Presto i carabinieri sequestrarono l’arma nella mia camera d’albergo a Napoli insieme a manoscritti in arabo di contenuto politico e il libro. Me la cavai con diciotto mesi di detenzione, perché tutto il materiale cartaceo sequestrato riguardava solo la Tunisia.

Scarcerato nel 1986, avevo ormai abbracciato la causa della delinquenza, non potendo fare niente in Italia, dove ormai potevo vivere solo come "clandestino". Lo stesso anno, a Rimini, per un litigio, ferii un "connazionale" a una gamba con un colpo d’arma da fuoco. Trasportato in ospedale da alcuni compagni, il ferito diede un falso nome perché era ricercato e una altra versione dei fatti per vendetta. Subii una condanna a quattro anni e mezzo per una rapina mai commessa ed altri due anni e due mesi per detenzione illegale d’arma da fuoco.

 

Com’è stata la vita in carcere?

Gli anni successivi furono una giostra di evasioni e di catture, di cambi continui di identità, di delinquenza attiva, anche se per poche settimane, nel giro della droga.

Dal 18 settembre 1989, data del mio ultimo arresto a Rimini, non ero più riuscito a evadere, malgrado i vari tentativi, a volte disperati, da suicida.
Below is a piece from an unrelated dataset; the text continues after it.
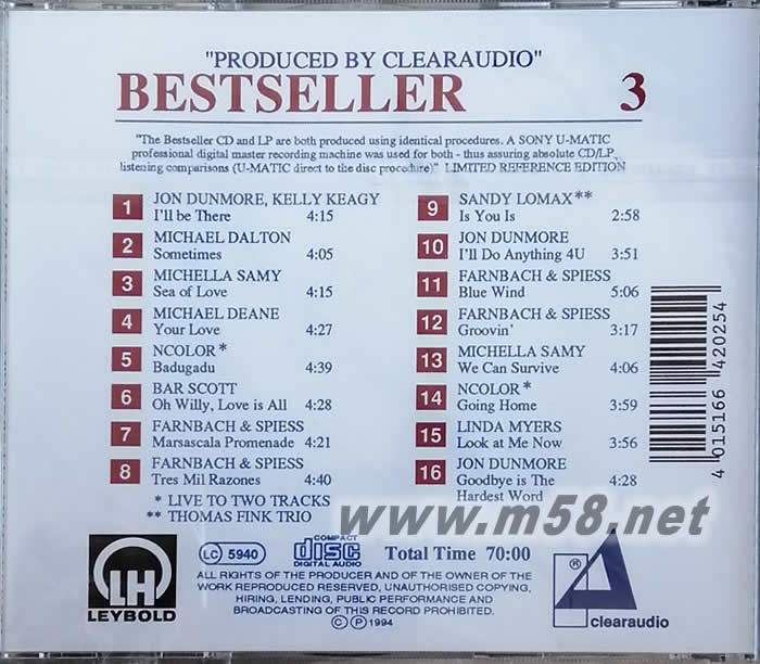 BESTSELLER 3 大針版 干凈的聲音(m58.net) Clearaudio是德國一家音響設(shè)備小廠,產(chǎn)品售價昂貴,但做工精細品質(zhì)優(yōu)良。 許多Hi-End設(shè)備生產(chǎn)廠家對音響錄音都有與眾不同的獨特理念,造成他們常有“跨界”兼營唱片錄音的舉措,Clearaudio就是其中之一。他們從1991年涉足錄音領(lǐng)域,不僅自己錄音,也委托別的發(fā)燒唱片公司代為制作唱片。 這張俗稱《大砧版3》的示范碟就是和捷克的發(fā)燒唱片廠OPUS合作錄制的,是一張爵士、人聲試音發(fā)燒碟。

Non ho mai accettato in carcere quello che si definisce "trattamento rieducativo". Mi è capitato di leggere Asylum del sociologo Erving Goffman e credevo di aver individuato i meccanismi di spersonalizzazione che si innescano nelle istituzioni totali. Imparai a resistere, oppure credetti di resistere. Per esempio, quando sono stato tenuto in completo isolamento per sei mesi e mi è stata ridotta la mia permanenza all’aria aperta per solo un’ora al giorno, rifiutai anche quell’ora, dicendo alla direttrice del carcere che ero io a determinare le mie necessità e non un decreto del direttore generale dell’amministrazione penitenziaria. Mi tolsero tutti gli oggetti personali e dovevo farmi la barba davanti a loro. Mi rifiutai di tagliarmi i capelli e di farmi la barba per tutto il periodo del mio isolamento.

La contraddizione più palese la vedevo nella mia condanna all’espulsione a fine pena, mentre si pretendeva da me di collaborare al cosiddetto "trattamento rieducativo al fine di reinserirmi nella società". Ho vissuto il carcere soprattutto come luogo di somministrazione legale di sofferenza. Ho visto tanti uomini umiliati, picchiati. Ho visto morire.

 

Ricordi in particolare qualche tuo compagno di carcere?

Si, ricorderò per sempre di un giovanissimo "pataccaro" che doveva scontare quattro mesi di galera e che si impiccò nella cella d’isolamento che era a fianco della mia... E non dimenticherò mai Gennaro, l’amico Gennaro, che dopo venti anni di galera si è tolto la vita impiccandosi.

 

Hai sentito il "peso della colpa", come hai scritto più tardi, che ti gravava addosso?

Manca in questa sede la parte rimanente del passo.